「どうですか?こんな感じで」

「え……あっ」

 ウソ……。これって本当に私……?
 なんだか私じゃないみたい……。

「似合ってますよ」

「あ……ありがとう、ございます」
 
 こんなに短く切ったのは、何年ぶりだろう。こんなに短い髪の私なんて、見たことない気がする……。

「へぇ、似合ってんじゃん」

 高根沢さんも、鏡に映る私を見てそう言ってくれた。

「本当ですか?」

「ああ。 これで気分も少し、軽くなったか?」

 そう聞かれた私は「……そうですね。

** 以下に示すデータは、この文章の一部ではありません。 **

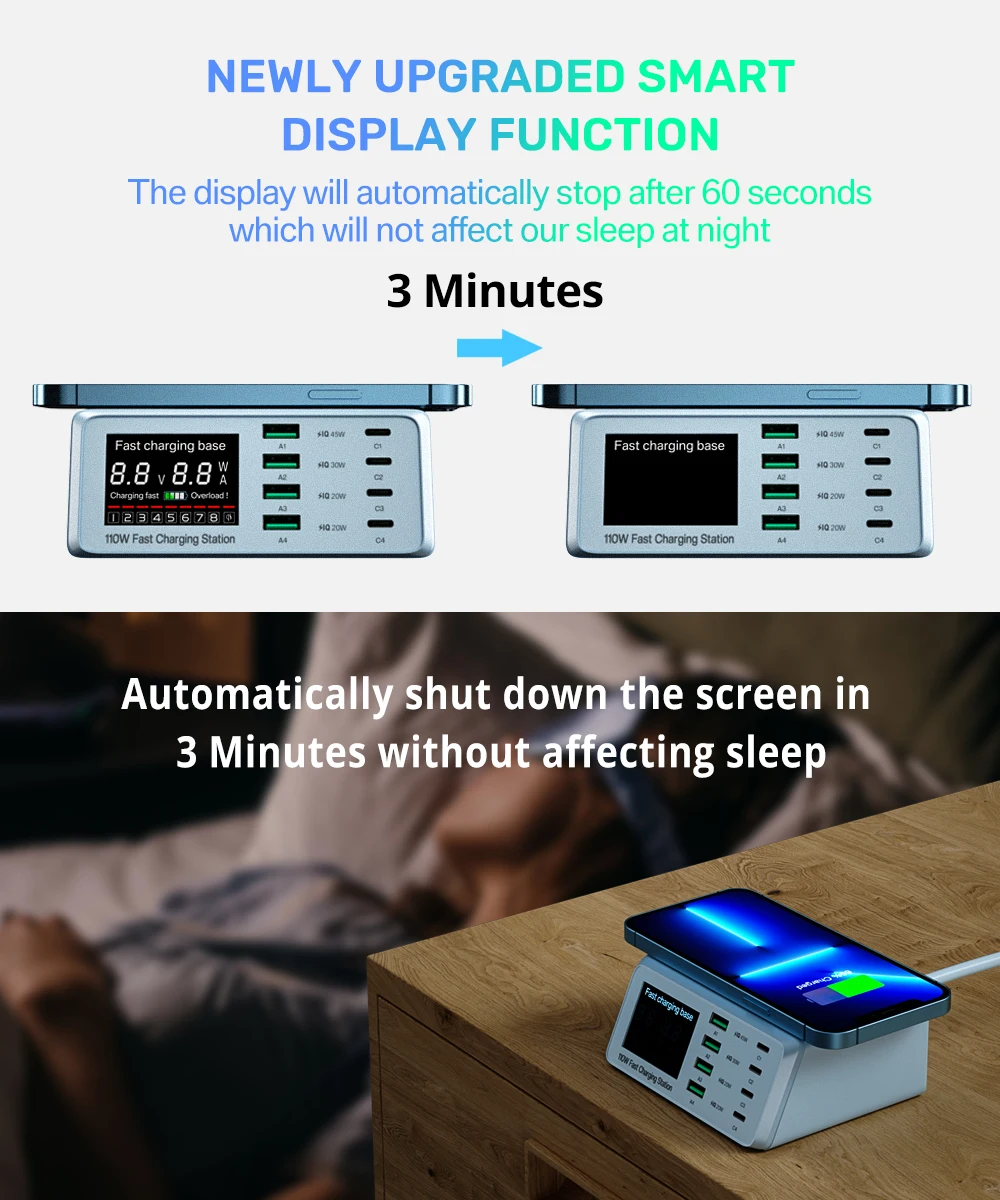 Con 8 puertos USB/Placa de carga sin conexión/Pantalla LCD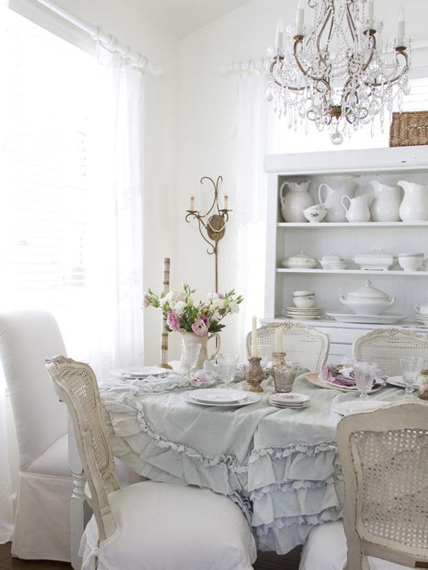 This appeals to very girly-girl nature of my personality. Still keeping with the white theme, but adding just a dash pink is noticeably feminine. And those chair covers and ruffled tablecloth? Perfect for entertaining guests for brunch or a mid-afternoon caffeine fix. The chandelier in this room is quite similar to the one in the previous image, and I like that it adds just a bit of class — enough to make the rooms less trendy and more timeless, but not enough to take it old school Victorian.

なんだか少し、スッとしました」と答えた。

「なら良かった」

 こんな私にここまでしてくれる優しい人、今までいただろうか……。
 
「美結、今度はカラーしてもらえば?」

「……え?」

「カラーしたらまた、気分が変わるかもな」

 高根沢さんはそう言ってくれた。

「それにしても大和。お前がまさか女を連れてくるなんてな。驚いたよ、彼女か?」

「はっ!?……ちげぇから」

 慌てて否定した高根沢さんだけど、私を担当してくれたスタイリストさんは「そうなのか? なんだ、彼女じゃねぇのか」と残念そうな表情をしていた。

「コイツはちょっと、訳ありでな」

「訳あり?」

「ああ。……それでコイツを保護してるって訳」

 スタイリストさんは高根沢さんのその言葉に納得したみたいで「なるほどねぇ」と頷いていた。